A  town meeting Oct. 10, 1912, included, down on the bottom of the agenda, the question of free text books. The meeting began at 3:30 in a packed, standing-room-only town hall — about half of the attendees were women. However, most of those women had family obligations and “the men arranged it that the school business came up last. At 5 o’clock we were still there. Many mothers felt they ought to go home, but didn’t. It was almost 6 before the school business was reached. 
“Dr. Allee moved that the vote be taken by roll call, which was passed. Some women whose names were down toward the end of the list, went home and came back; some whose names came first, voted and then left to take care of the homes of those down at the end of the list. 
“Of course we won. I think if we had ever needed any more convincing arguments for woman suffrage, we had them that day.” 

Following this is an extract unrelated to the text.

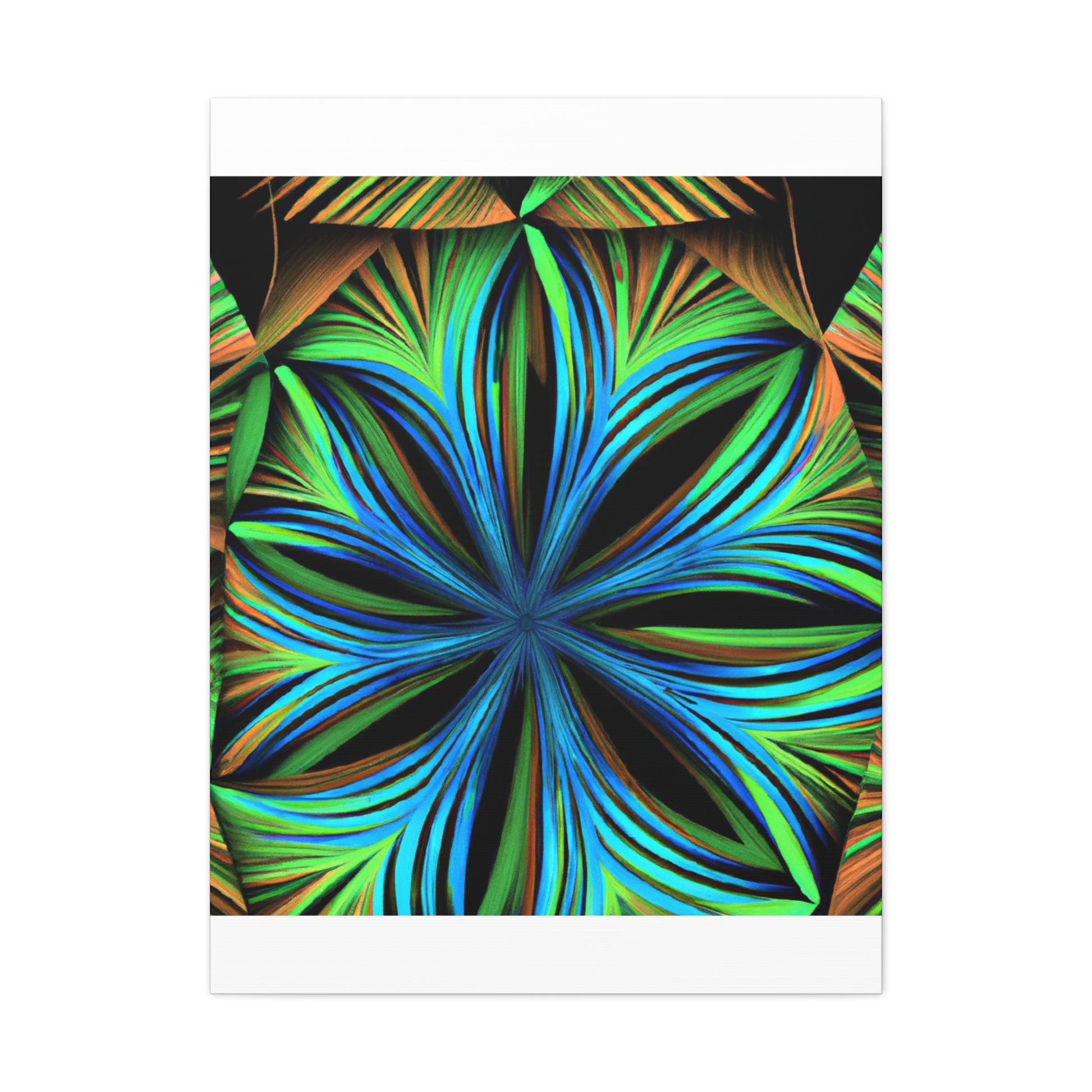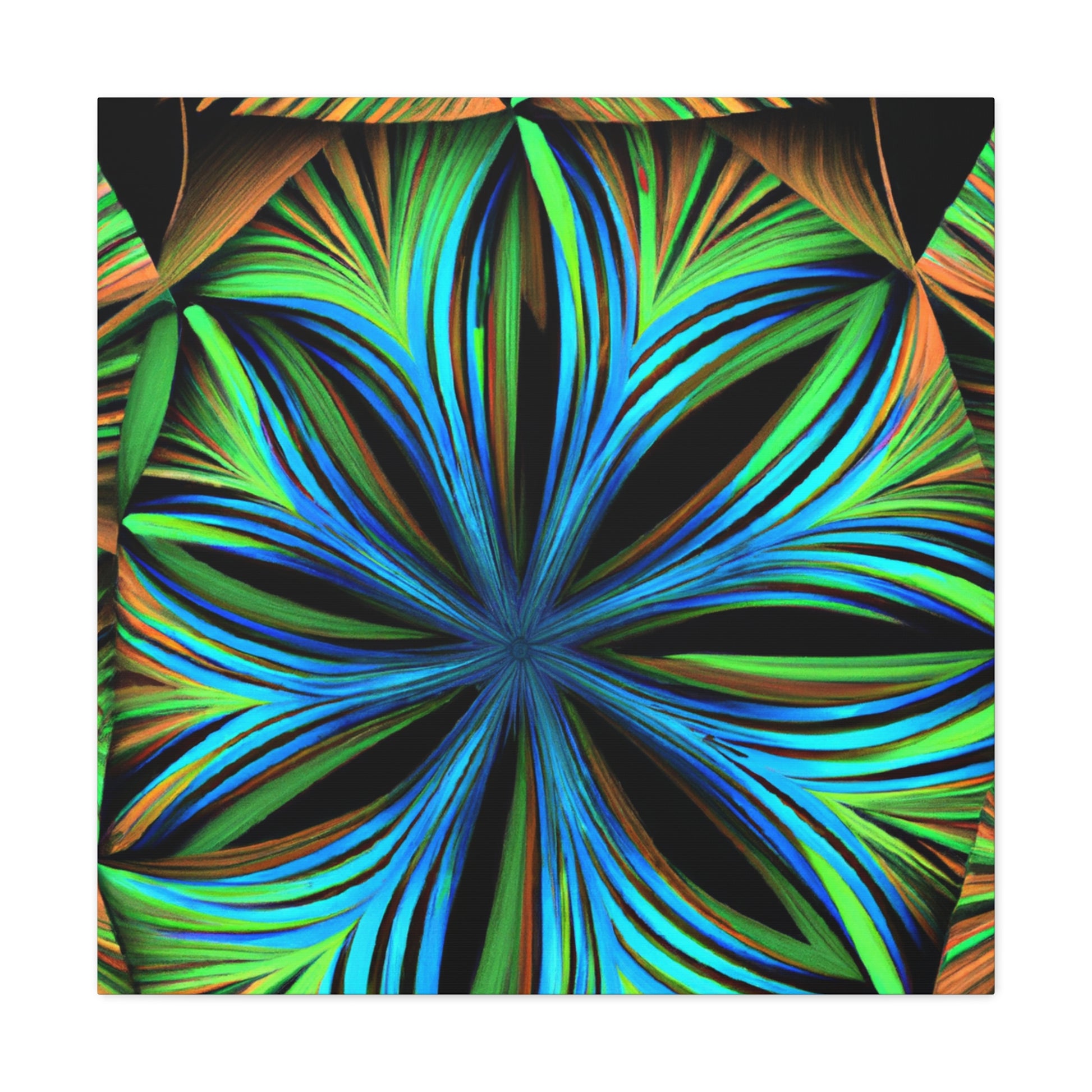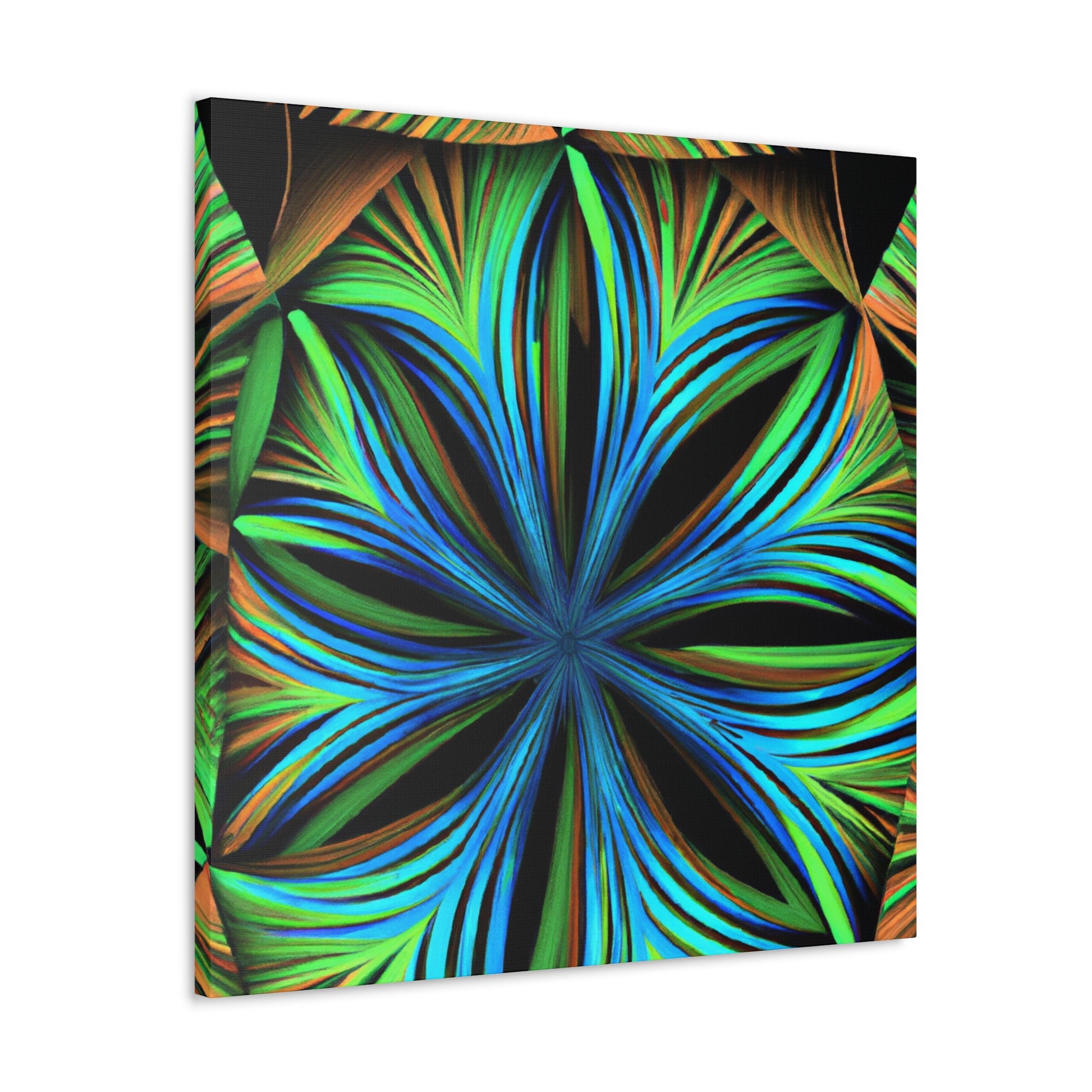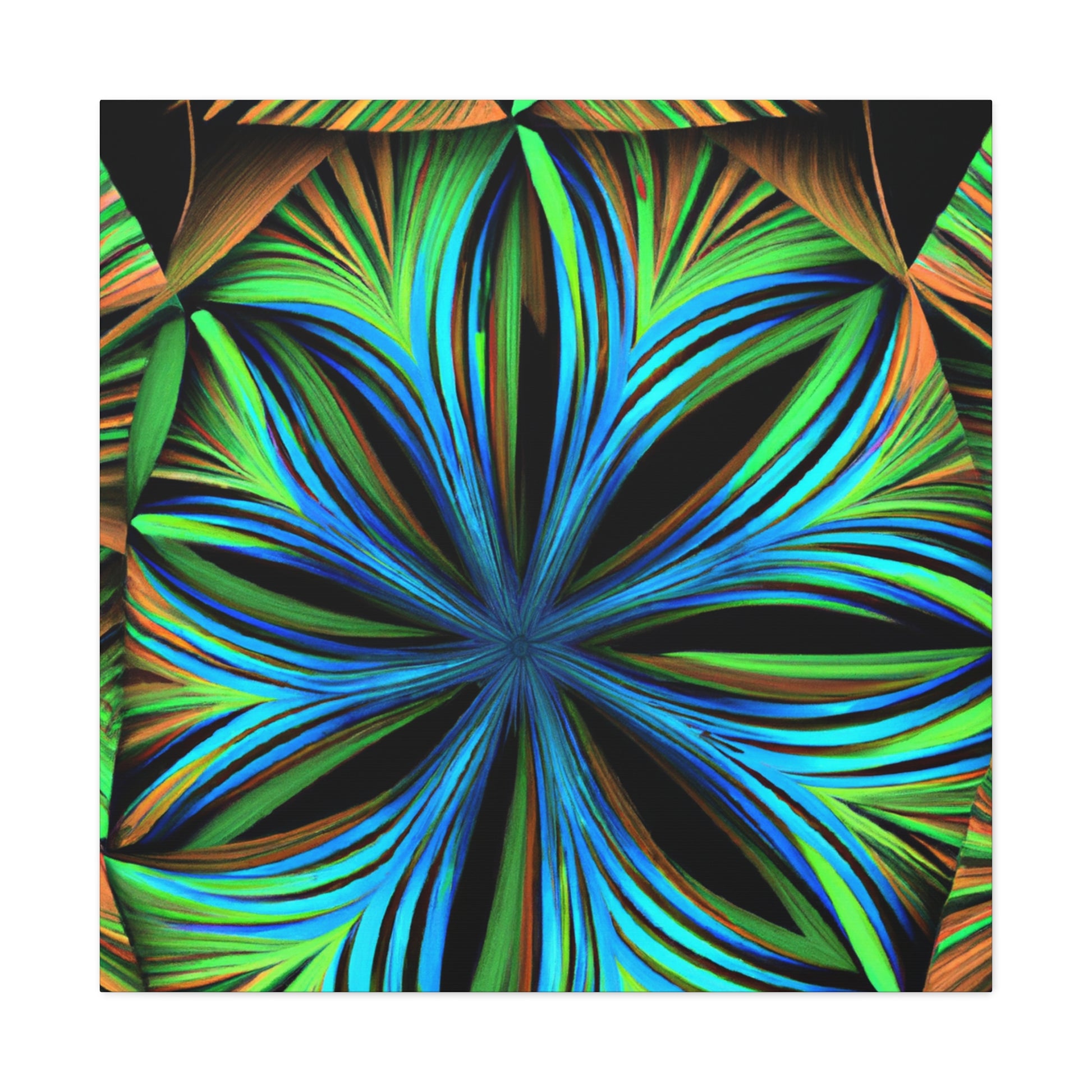 This canvas print, inspired by Kaleidoscope artwork, will never fail to enlighten your walls with its psychedelic vibes. It features abstract structures, 3D lines, fractal geometries, and a vibrant color combo. This trippy abstract art will bring an edgy, modern art aesthetic to any room, and will be a great conversation starter! #CanvasPrint #AbstractArt #Vibrant #Trippy #Geometric #PalmLeaves #Kaleidoscope #Fractal #DigitalArt #3D #Psychedelic #ModernArt #HomeDecor #WallArt #Artwork #InteriorDesign #StatementPiece #InteriorDesigner #Designer #DesignInspiration #WallMural #LivingRoom #Colorful #HomeDecor #AbstractPainting #Vivid #Design #Unique #Decoration #Style #Trendy
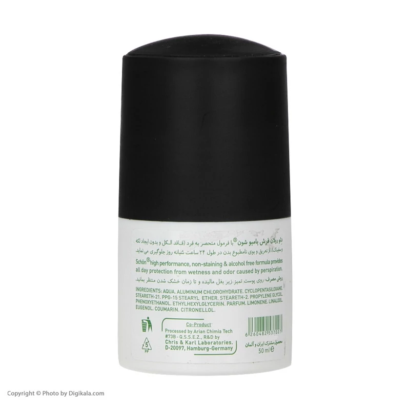 یکی از چیزهایی که میتواند تاثیر منفی روی سیستم عصبی افراد بخصوص در زمانی که خارج از منزل یا در محل کار هستند، بگذارد، بوی عرق است. این مسئله میتواند بکلی ذهن فرد را درگیر کرده و حتی تمرکز او را درهنگام کار برهم بزند. برای جلوگیری از این مشکل بهتر است که در کنار استحمام هر روزه، از دئودورانتها یا همان رولهای ضد تعریق استفاده شود. برند «شون» که متخصص در بکارگیری عصارههای طبیعی گیاهان و میوهها در محصولات خود است، رول «فرش بامبو» (Fresh Bamboo) را برای آقایان در حجم 50 میلیلیتر تولید کرده است. این محصول، دارای رایحهای از ترکیب گل، مرکبات و چوب است. از دیگر مزیتهای آن میتوان به عدم ایجاد لک و سفیدی روی لباس اشاره کرد. همچنین بهدلیل نبود پارابن و الکل در ترکیبات آن، خاصیت ضد حساسیت دارد. دئودورانتهای فاقد پارابن یکی از مدرنترین نوع محصولات دئودورانت هستند. دلیل فرمولاسیون محصولات دئودورانت فاقد پارابن حفاظت از پوست حساس ناحیه زیر بغل که بیشترین محل مصرف دئودورانت را به خود اختصاص میدهد، است.

“Memories” also describes how Dr. Allee went around, drumming up money to buy the East Ridge land for the new grammar school, part of the package that included creating Hamilton High School. Education advocates had agreed to buy the property to help convince the voters to build the town’s first modern school. 
Allee approached book publisher E.P. Dutton of High Ridge for a contribution, explaining the need for a modern school in Ridgefield. 
“Mr. Dutton was most enthusiastic and sympathetic, and he turned to Doctor and said, ‘Suppose we take it to the Lord.’ Doctor told me he knelt down by the couch and made a most beautiful prayer for direction and wisdom. Rising from his knees, he went to his desk and made out a check for $1,000 and, giving it to Doctor, told him, ‘Here, my boy, go to it!” ($1,000 then was worth nearly $25,000 in today’s dollars.) 
“Dr. Allee never rested, but day after day he went to see people from house to house until he had the whole $16,000” needed for the land. The town approved the schools project and both the grammar school and high school opened in 1915. And it was Dr. Allee who suggested the names for both; Hamilton and Franklin were two of his heroes from history.
Though a physician, Allee helped establish and was first president of the Fairfield County Farm Bureau. He was an official of the local, regional and state organizations of the Congregational Church, and his special interest was in youth groups. 
“His love of justice and fair play led him to champion many causes of importance in church and community,” The Press said.
Dr. Allee was 55 when he died in 1927.